Even if you have only 14 minutes in Manhattan between now and March 21, I urge you to spend them in the second-floor gallery in the Museum of Modern Art occupied by Janet Cardiff's mystical installation "40 Part Motet." In our corner of of the world, Cardiff was last heard from - literally - emerging from the headset of a borrowed portable CD player at the southern end of Central Park last summer (and the summer before that), courtesy of the Public Art Fund. The piece was called Her Long Black Hair, and it was a meditative, intimate, hour-long tour of the park and the artist's mind. If it returns this summer, don't miss it.

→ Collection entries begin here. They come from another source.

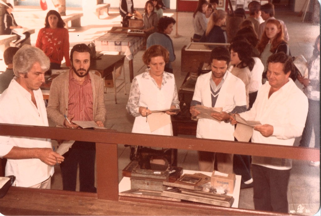 Inauguração da quadra de esportes(quadra aberta, de cimento) em 1977 foi um evento que reunião a comunidade educativa do colégio. Contou com a presença de parte da banda Padre sSabattini.(na foto é possível identicar na primeira fila o musico Ludovico Cadorin, Tarcisio Facchini e Artur Sgrott). Ao fundo, prédio do Sindicato, antigo Banco Inco, Coletoria, Casa do Rádio… no lado da quadra a barraca do churrasco, com a fumaça subindo… Foto: acervo Colégio Farancisco Mazzola. Postagem e comentário: Jonas Cadorin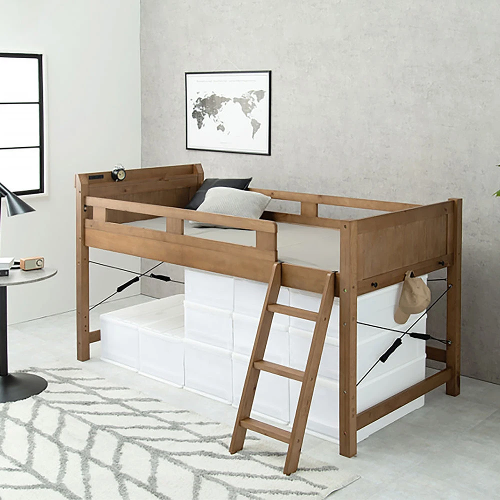 ベッド下の空間を活かして、収納スペースやセカンド寝床として使えます。 下にマットレスを置いて2段ベッドのように使うこともでき、部屋の使い方を広げられます。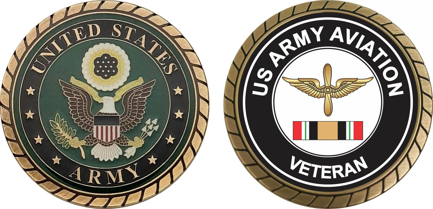 This 1 3/4” Army Aviation Iraq Veteran Challenge Coin is proudly offered by MilitaryBest. This Officially Licensed Army coin has beautiful enamel finish on one side and an organized crisp clean Army Aviation Iraq Veteran design on the opposite side.

The current piece is not much to look at: just a room ringed by 40 speakers on stands. But recorded music never sounded so sculptural. Cardiff took Thomas Tallis' motet "Spem in Alium" and, through the creative power of electronics, made it mold space in a way that a live performance never could. Even in a reverberant church, a motet comes from somewhere, usually directly in front of where you are sitting. At MoMA, it jumps out from here, there and everywhere so that you have the illusion of simultaneous multiple perspectives.
I'm not in the habit of quoting myself but since I've already done my best to express my reactions, indulge me in an excerpt from the review I wrote jointly with Newsday art critic (oh right, and my wife) Ariella Budick:
Cardiff recorded each man and boy in the Salisbury Cathedral Choir on a separate channel, and sidling up to a speaker puts you right in the singer's face. You can hear the intake before each cameo entrance, feel the alertness during rests. The voice is so clear and human, so English in its vibratoless pallor, that you can practically smell the damp tweed.
One way to experience the 14-minute piece is to plant yourself on the bench at the center of the room and let those motley points of vocal tone resolve into a luminous, reverberant cloud. Another is to walk slowly around the perimeter, from voice to voice, and let the strands of counterpoint tickle you as you pass. The motet changes hue with each step. It's like inhabiting a kaleidoscope.
To me, there's something deeply touching about hitching one's imagination to another person's - not as a form of exploitation, reiteration, or even homage - but as an acknowledgment that you don't have to start from scratch. It's the reason I like Robert Rauschenberg's art, or (some) modern additions to old architecture. What Cardiff has done is not so different from what DJs do all the time. It's a Tallis remix. But so loving, so simnple, so magical.